*** Supplied entries ***

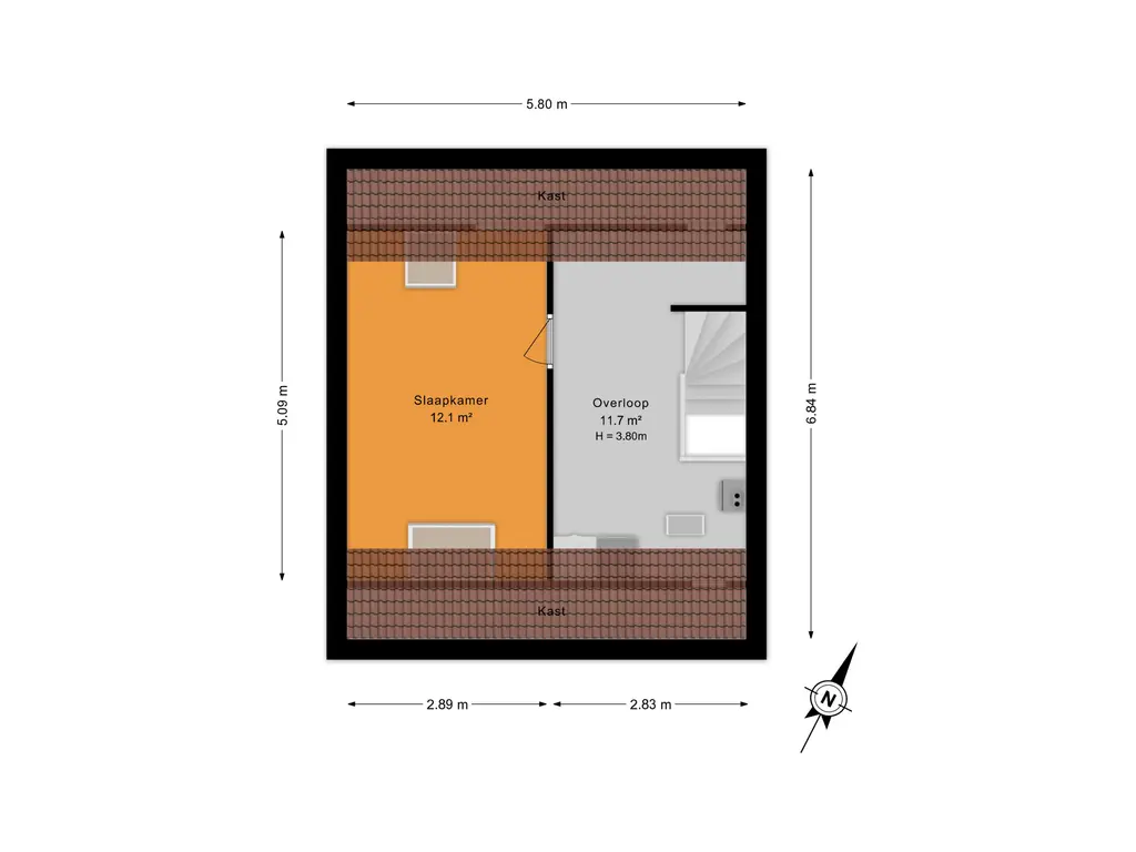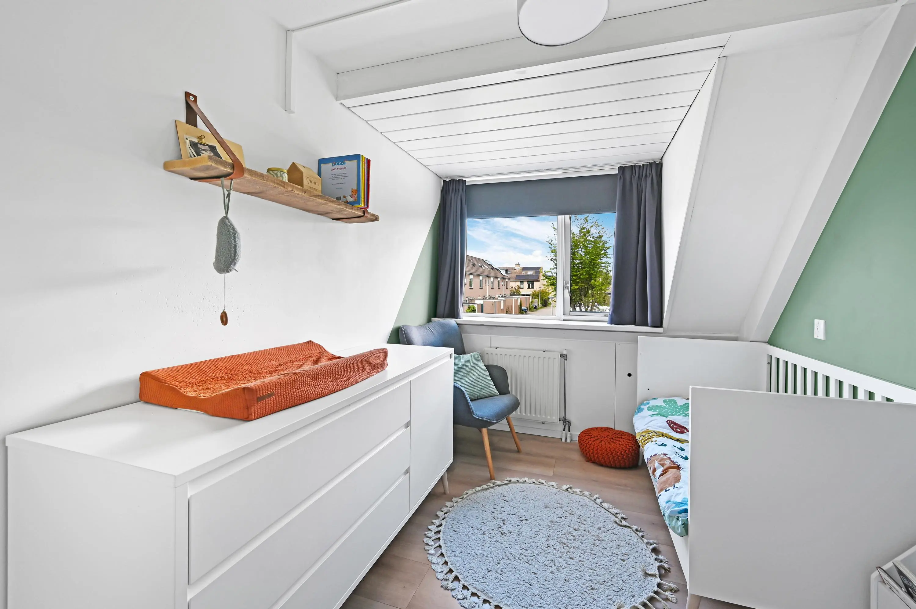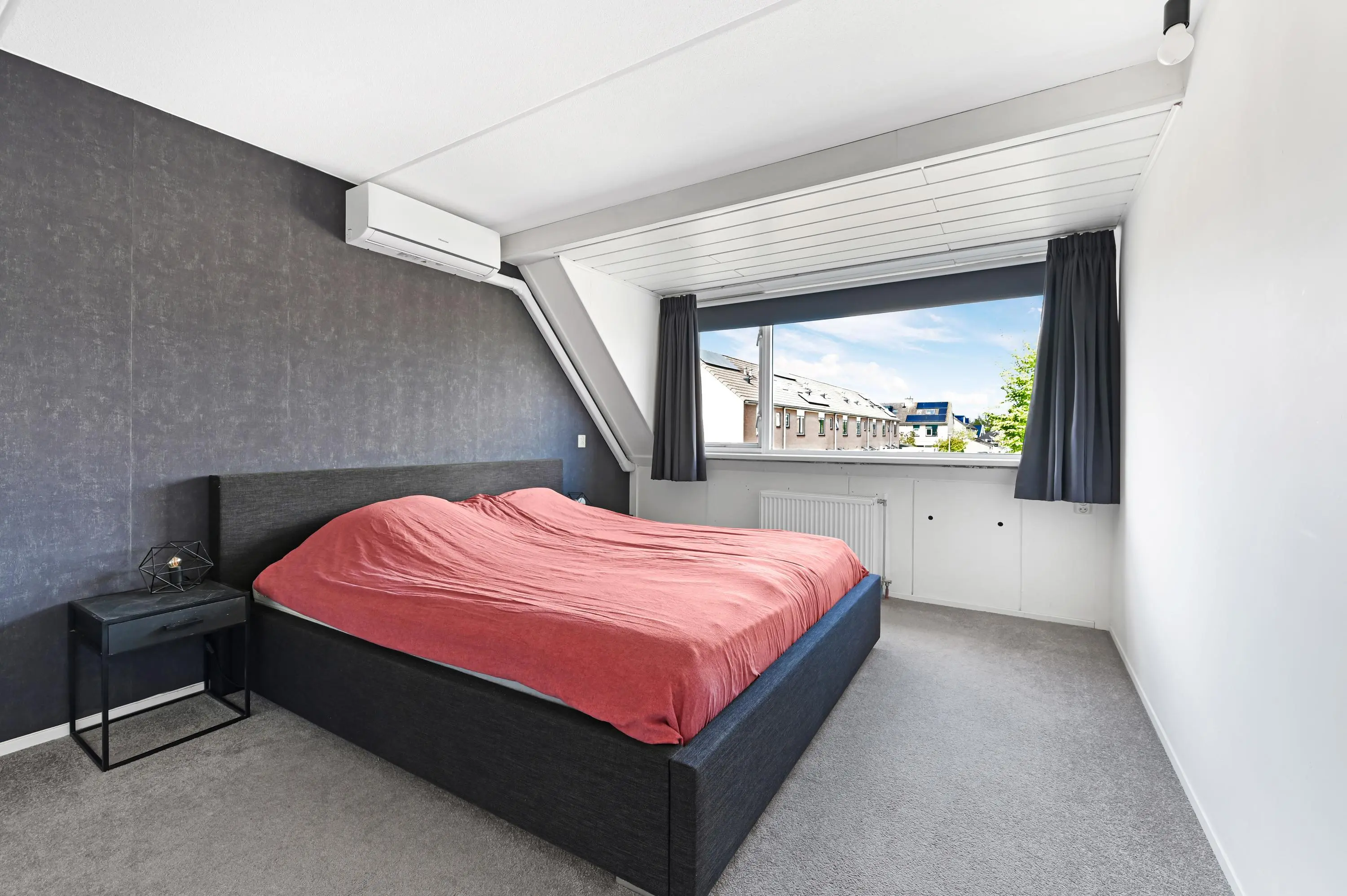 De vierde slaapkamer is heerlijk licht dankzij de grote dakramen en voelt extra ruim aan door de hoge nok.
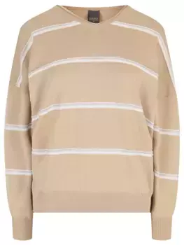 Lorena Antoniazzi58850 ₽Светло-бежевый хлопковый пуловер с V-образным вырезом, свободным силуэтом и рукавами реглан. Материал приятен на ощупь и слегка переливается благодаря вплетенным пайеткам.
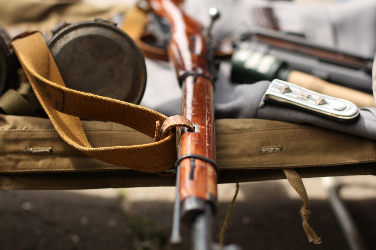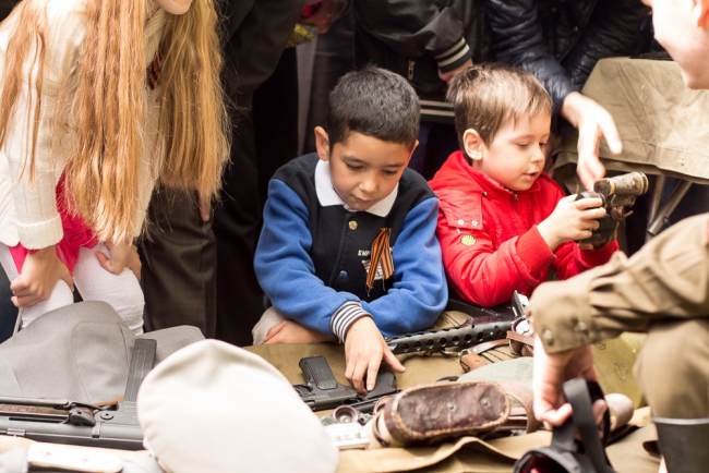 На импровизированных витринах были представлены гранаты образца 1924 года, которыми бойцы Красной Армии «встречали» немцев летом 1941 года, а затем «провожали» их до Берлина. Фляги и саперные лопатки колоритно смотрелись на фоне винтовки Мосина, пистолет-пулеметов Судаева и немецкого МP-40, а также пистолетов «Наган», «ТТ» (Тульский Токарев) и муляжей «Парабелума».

*** End of Supplied entries ***
*** Supplied entries ***

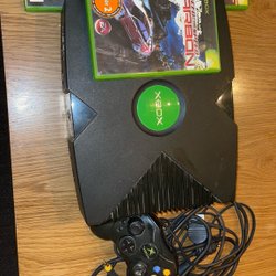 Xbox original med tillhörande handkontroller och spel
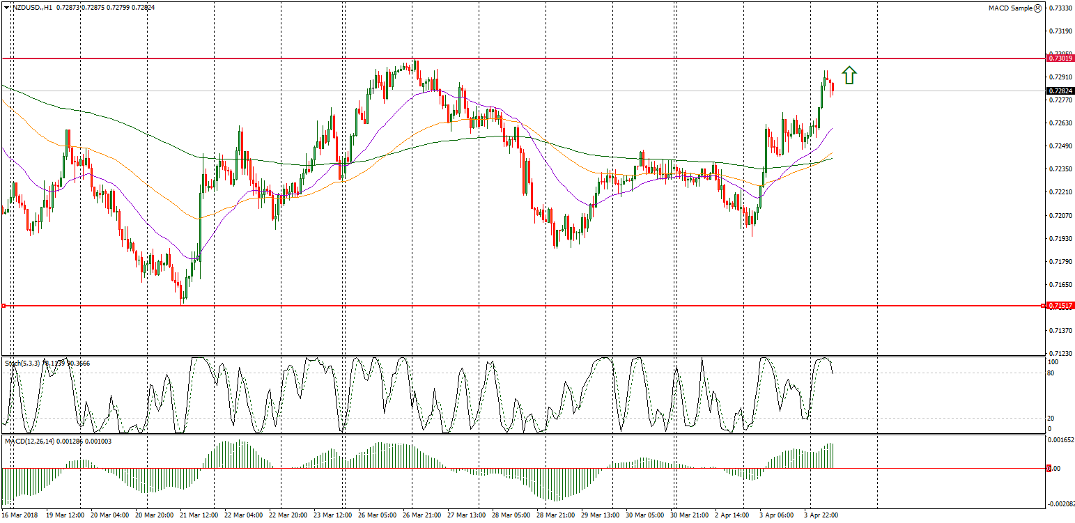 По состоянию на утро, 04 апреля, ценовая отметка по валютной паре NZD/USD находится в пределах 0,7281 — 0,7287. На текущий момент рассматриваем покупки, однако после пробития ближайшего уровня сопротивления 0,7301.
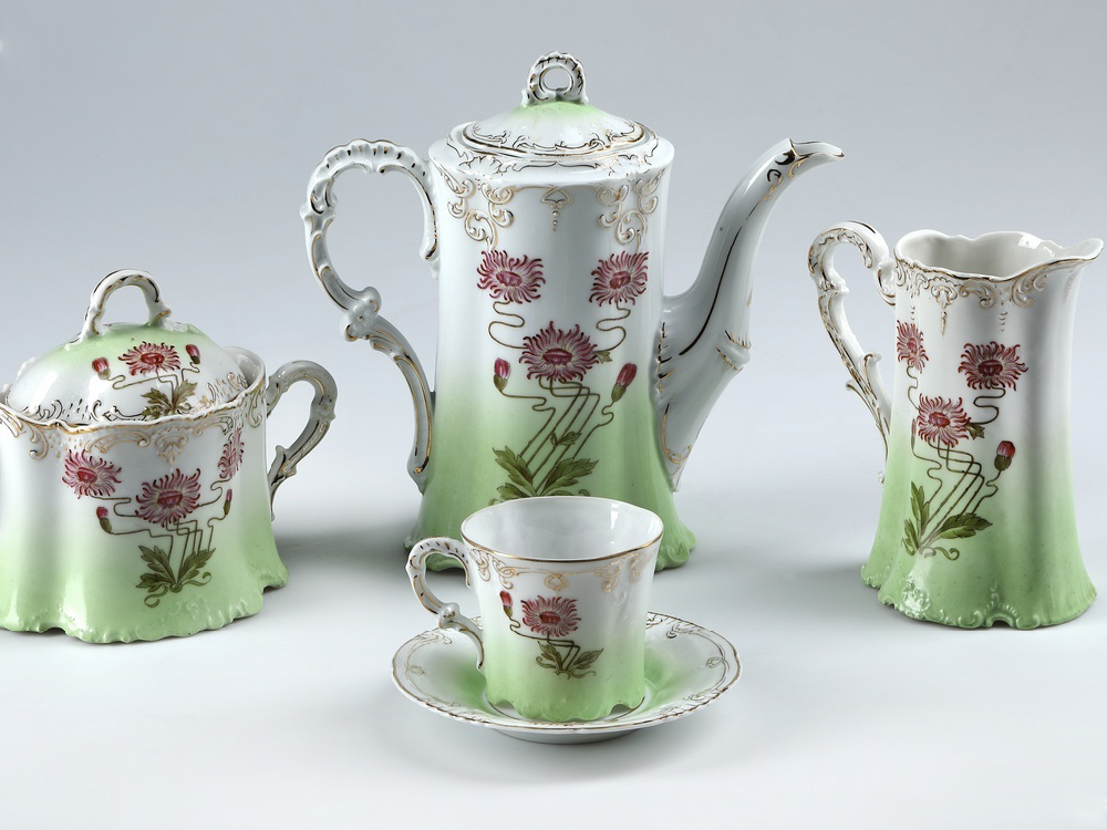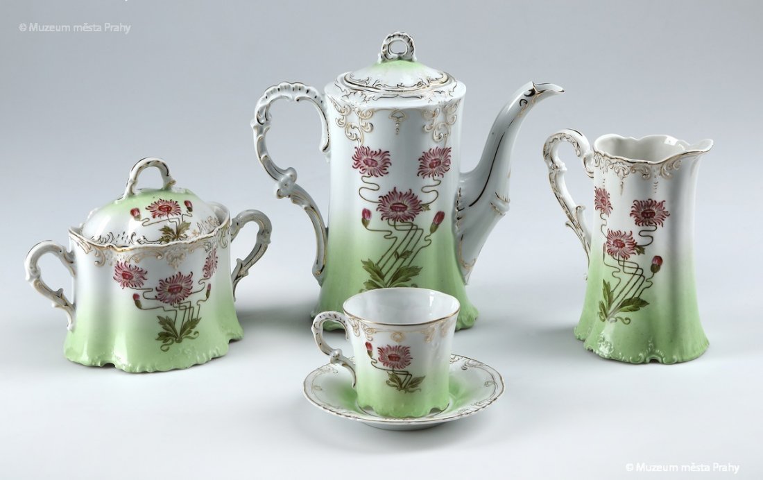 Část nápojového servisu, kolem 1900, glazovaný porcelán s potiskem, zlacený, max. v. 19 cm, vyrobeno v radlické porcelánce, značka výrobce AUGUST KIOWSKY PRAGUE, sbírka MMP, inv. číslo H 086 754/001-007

*** End of Supplied entries ***

:: Exercise description ::
Retype, exactly and with no pictures, everything above from the line with "De vierde slaapkamer" down to the line with "Lorena Antoniazzi58850 ₽Светло-бежевый", both included.

:: Finished exercise ::
 De vierde slaapkamer is heerlijk licht dankzij de grote dakramen en voelt extra ruim aan door de hoge nok.
 Lorena Antoniazzi58850 ₽Светло-бежевый хлопковый пуловер с V-образным вырезом, свободным силуэтом и рукавами реглан. Материал приятен на ощупь и слегка переливается благодаря вплетенным пайеткам.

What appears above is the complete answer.